Monday, 12 September 2011

Fine Just The Way It Is

 Short story collection by Annie Proulx

Due to university studies, it seems I haven't posted in over a month! Thanks university! Although I have been watching some fascinating films in film studies and talking about cyborgs, so I suppose I can forgive it.

I have been reading Fine Just The Way It Is by Annie Proulx, and I have to tell you, that book is harrowing! It is definitely not a book to read if you aren't feeling happy. After reading most of the short stories in the collection, I have been feeling pretty beaten up, it's like the emotional equivalent of going a round with Muhammad Ali.

First of all, let me say that Annie Proulx is a brilliant writer, and I love her! I don't think her stories could strike at the heart so much if she wasn't so brilliant. I really cherish her love of her land, and I really identify with the passion with which she writes about it's rugged, deadly beauty. Nature is a huge inspiration to me, too. She also has a way of describing characters simply, but really letting us get to know them through their actions and thoughts, so that we care about them.

And then... SPOILER ALERT....

… she kills or hurts them terribly. In all of the stories I have read so far, at least one character dies. I understand that America is a wild place, and that awful freak accidents happen, but it is just too much, one story after another, one death after another.

Actually, in the last story I read, the character didn't die at the end, but she was waiting to die, trapped and dying of hunger and thirst, which is probably worse.

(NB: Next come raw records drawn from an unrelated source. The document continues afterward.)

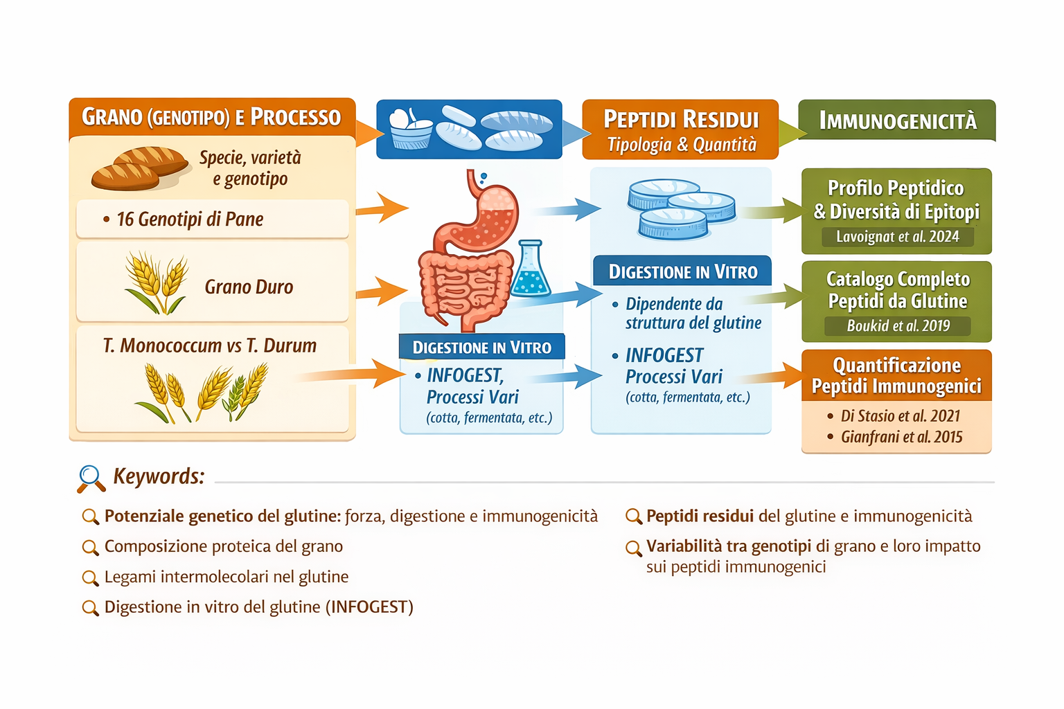 Analisi peptidomiche su pani sottoposti a digestione in vitro mostrano una notevole diversità di peptidi, correlata al genotipo del grano, alle condizioni agronomiche e alle tecnologie di trasformazione (Lavoignat et al., 2024). Ciò conferma che il profilo peptidico finale non è determinato esclusivamente dalla sequenza proteica, ma anche dall’architettura del network e dalla sua storia di processo.
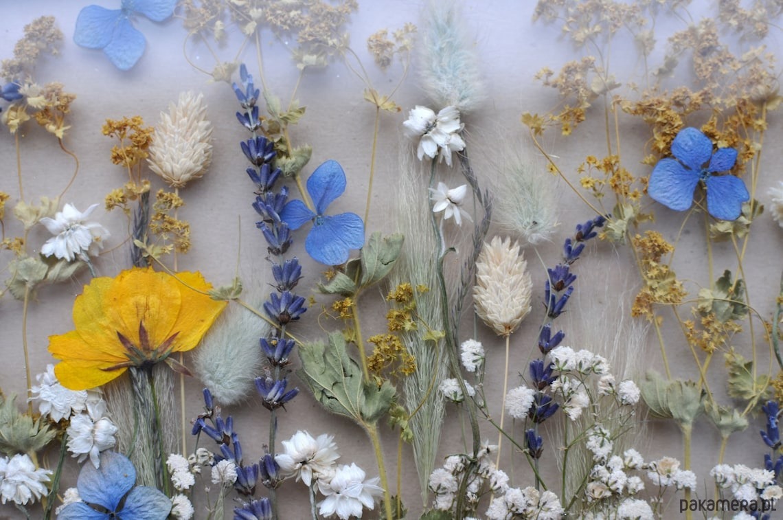 Połączenie dwóch dziedzin sztuki, sztuki suszenia i układania kwiatów i sztuki witrażownictwa.
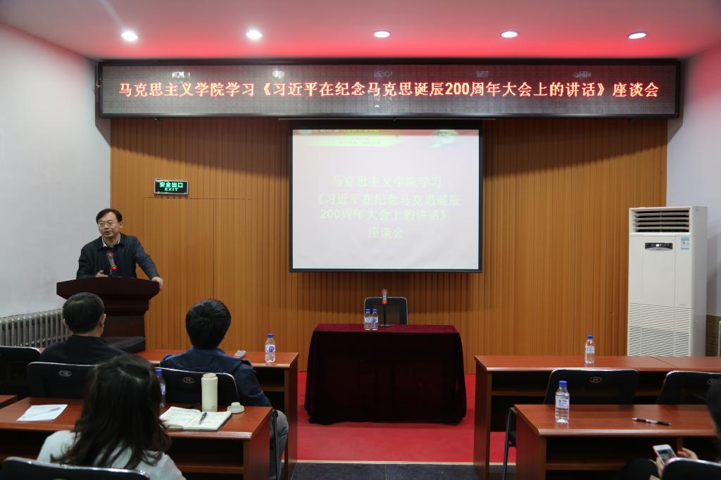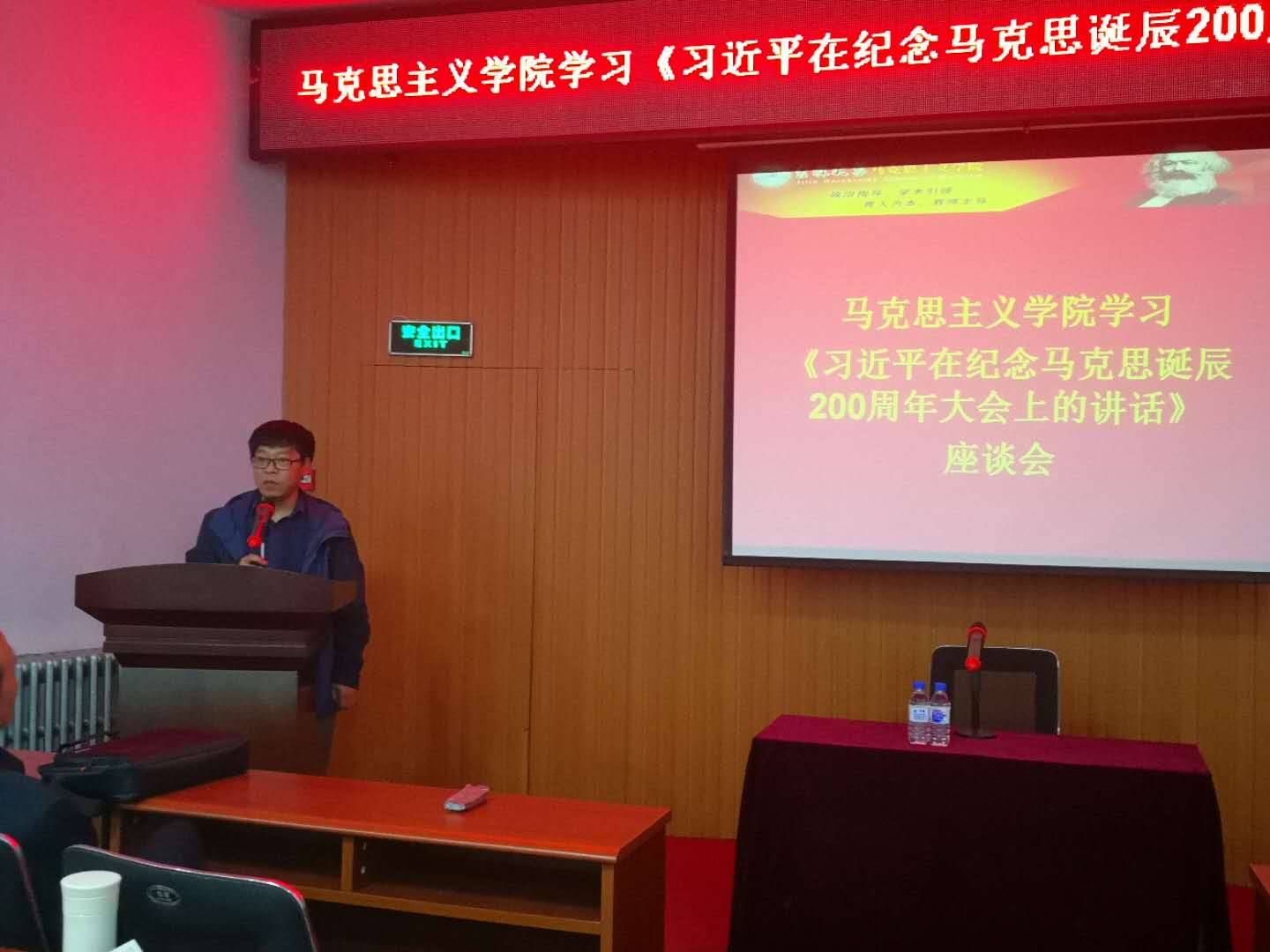 在南区友谊会馆报告厅召开了学习座谈会。会议由吴宏政副院长主持,全体领导班子成员、各学科带头人、教研室党支部书记等60余位教师和行政人员参加了座谈。张敏老师对习近平总书记关于纪念马克思的重大意义进行了分析。仝联勃老师结合习近平总书记的讲话,分析了中国特色社会主义哲学社会科学发展的“理论自觉”和“文化自信”问题。李晔晔老师阐释了马克思主义指导下,中国共产党承担的历史使命。里光年老师对习近平总书记提出的人类命运共同体思想作出了解读。常艳芳老师对马克思的人格魅力与大学精神的关系进行了分析。梁伟峰老师分析了学习马克思主义理论与建构中国特色社会主义哲学社会科学的关系。万佳悦老师谈了学习马克思主义理论与成人抖音
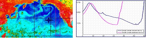 А. Широтно – временная диаграмма и кривая используются для изучения взаимосвязей между характеристиками системы океан – атмосфера на синоптических и климатических масштабах изменения. В диаграмме последовательно ото дня ко дню собирается информация (над выбранной акваторией Мирового океана) об интегральном по долготе распределении радиояркостной температуры по широте. По диаграмме за год или несколько лет строится широтно – временная кривая.
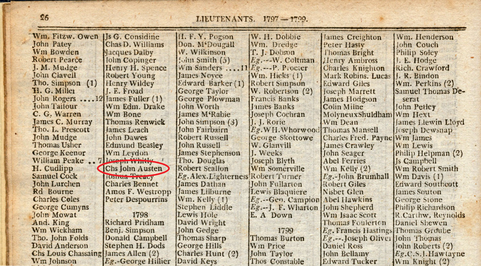 In the same letter from the Admiral came the news that “Lieut. Charles John Austen is removed to the Tamer Frigate.”
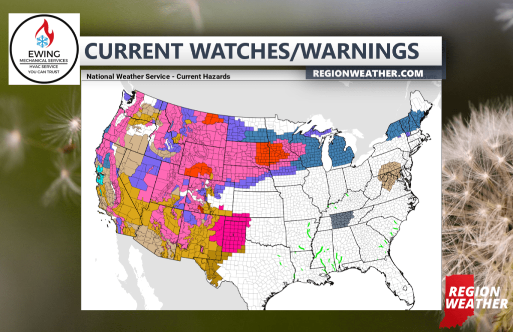 We’ve been talking about this storm system for the last 2 weeks and it’s finally aboard the western US and is packing a punch! Take a look at the real estate of Winter Storm Watches (blue), Winter Storm Warnings (pink) and even Blizzard Warnings (red). Everything else you see out west is for the wind which is really impressive with this system!
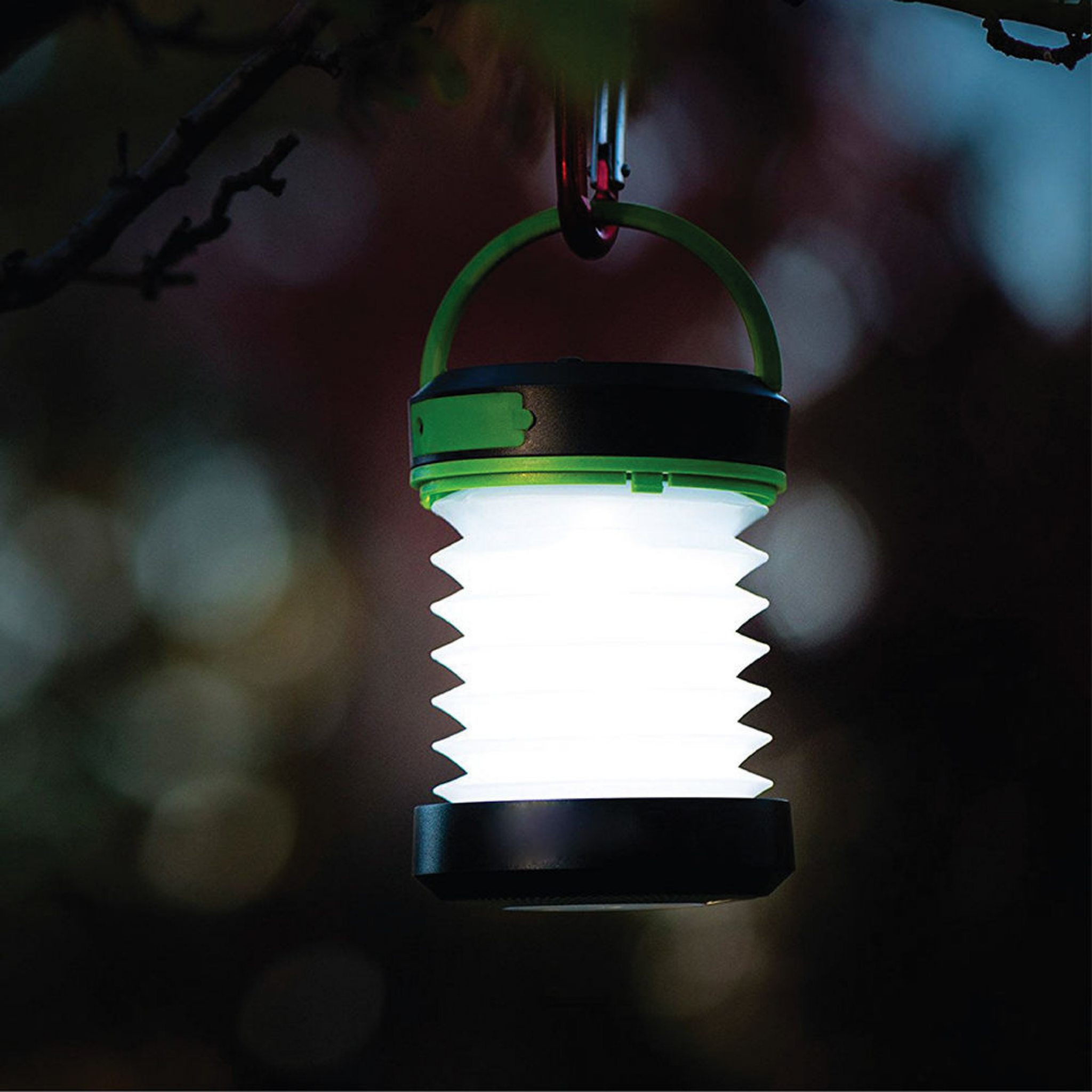 Die faltbare Bauweise und der integrierte Aufhängehaken machen die Laterne besonders flexibel.
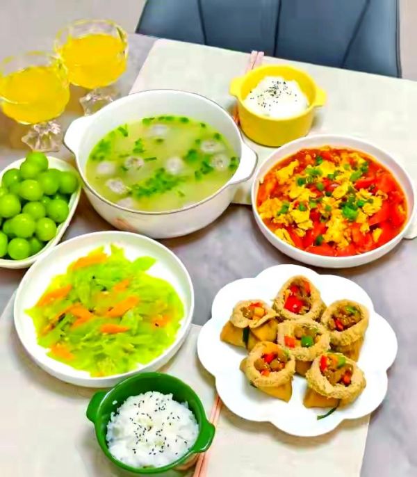 周二晚餐的菜品豐富多樣,包括冬瓜肉丸湯、福袋牛肉粒、素炒萵筍以及西紅柿炒雞蛋。
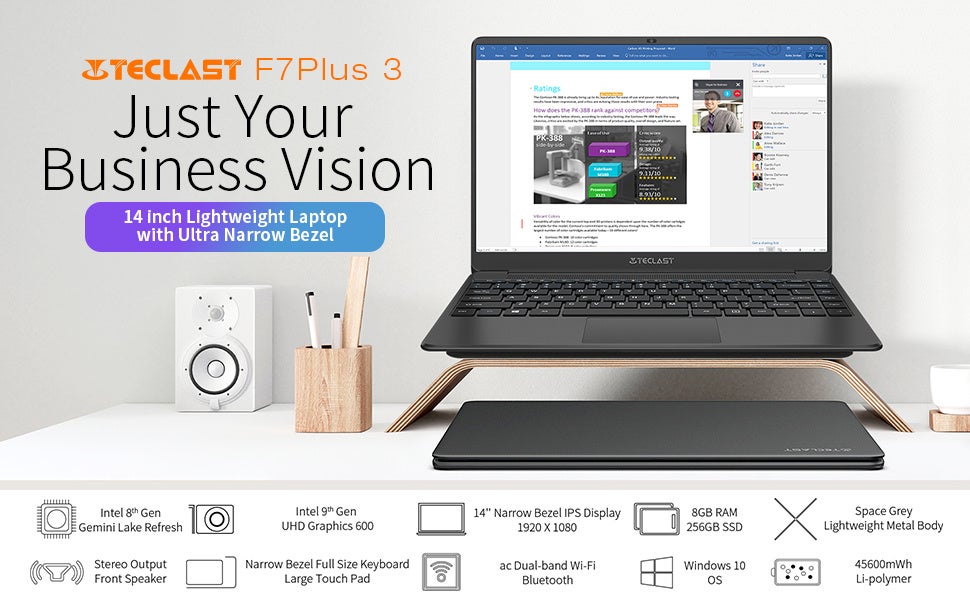 軽量薄型は「F7 Plus3」の利点です。いつでも持ち運びに便利です。大きいディスプレイと自然な色彩表現、迫力ある臨場感を楽しめます。45600mWhのリチウムポリマー電池を搭載して、超長時間の総合使用を可能にし、より良い仕事と娯楽体験を提供できます。それと、デュアルバンドWiFiとBluetooth 4.2、WEBカメラ、1つの標準USB3.0ポートとUSB2.0ポート、およびHDビデオ出力用のMini-HDMIポートが装備されて、さまざまなニーズにお応えします。
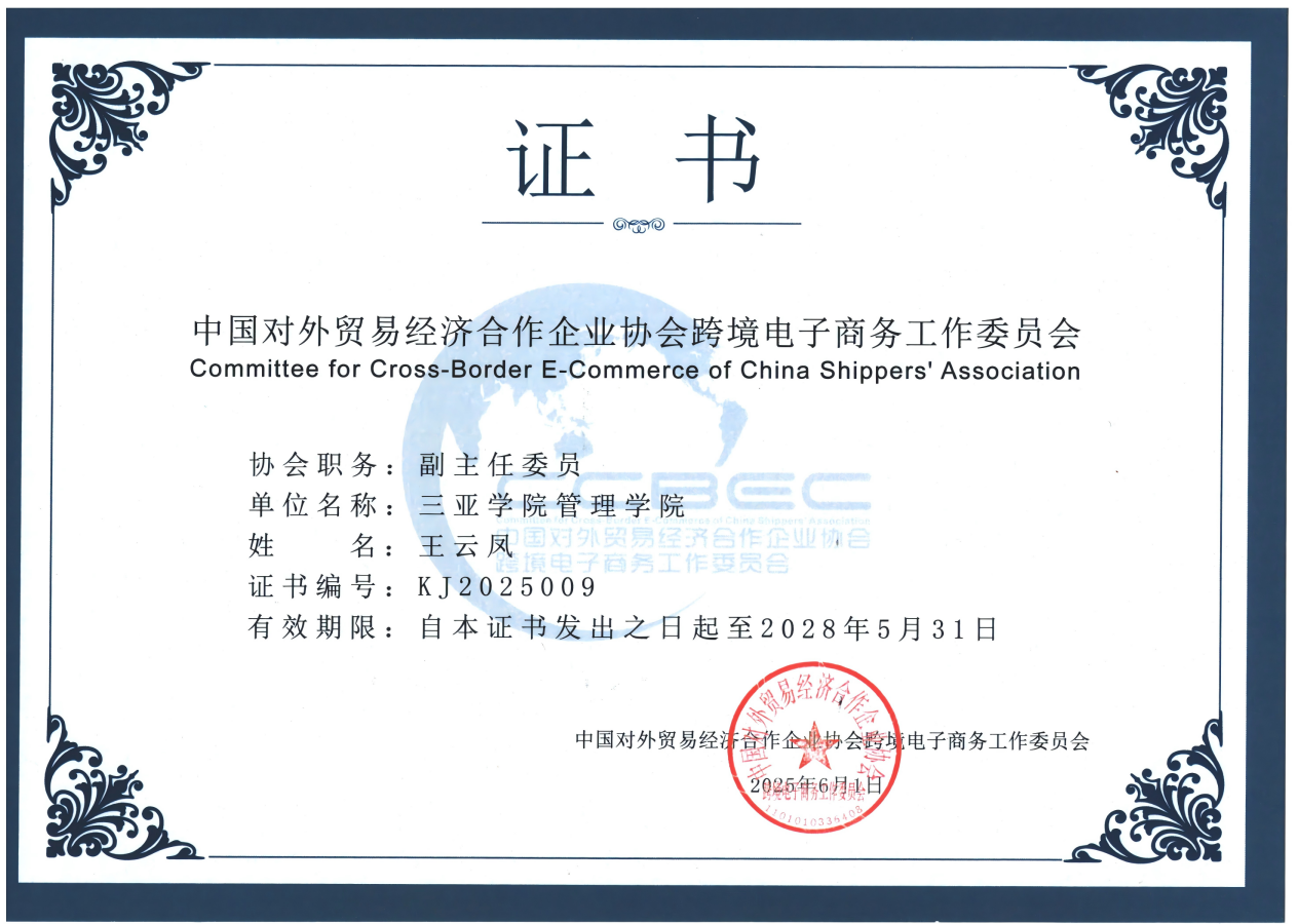 王云凤院长在电子商务、国际贸易及企业管理领域拥有丰富的学术研究和实践经验。她长期致力于跨境电子商务的研究与教学,发表了多篇具有影响力的学术论文,并积极参与多项国家级和省部级科研项目。此次担任跨境电子商务工作委员会副主任委员,王云凤院长将凭借其深厚的学术背景和实践经验,为推动中国跨境电子商务的健康发展贡献力量。
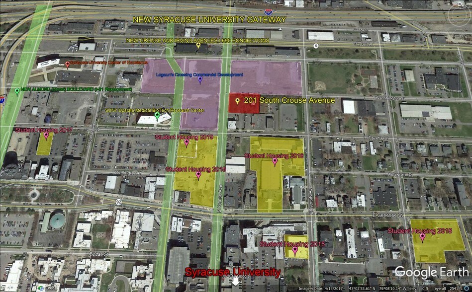 This fully entitled .58-acre development site presents a rare, shovel-ready multifamily opportunity in the heart of Syracuse’s coveted University Hill neighborhood, one of Central New York’s strongest and most resilient rental markets. All municipal approvals, permissions, and design work are in place for an 88-unit studio apartment project, allowing a developer to move directly into execution while minimizing entitlement risk, soft costs, and timeline uncertainty. Strategically positioned just off the Syracuse University campus and within the city’s primary medical district, the site sits moments from Syracuse University, Crouse Hospital, SUNY Upstate Medical University, and the VA Medical Center, together representing some of the region’s largest employers and demand drivers. This concentration of students, medical professionals, faculty, and young urban renters underpins consistently high demand for well-located, efficient housing in the immediate area. The property lies within a federally designated Opportunity Zone, offering investors potential tax-advantaged upside in addition to strong underlying real estate fundamentals. Residents will benefit from immediate access to Interstate 81 and I-690, with rapid connectivity to Downtown Syracuse, Armory Square, arts and cultural venues, dining, shopping, and essential neighborhood services, reinforcing the long-term appeal and stickiness of this location. Combining turnkey entitlements, a high-density urban design, and a walkable, amenities-rich setting, this site delivers a compelling platform for an 88-unit studio community tailored to the University Hill and mediplex tenant base. For developers and investors seeking scalable new construction in a proven rental corridor—enhanced by Opportunity Zone benefits—there are clear reasons why demand in this pocket remains so strong.

Anyway, if you are a fan of great writing about the way humans and the land interact, and the harshness and danger of nature, definitely give this a go, as long as you can handle the emotional impact. Let me reiterate, it's pretty harrowing. The deaths aren't like one of those silly crime shows where you never really know the person, and it's all about the glitz and glamour of crime investigation life, it's about hard, inescapable reality. This is definitetly a book for adults.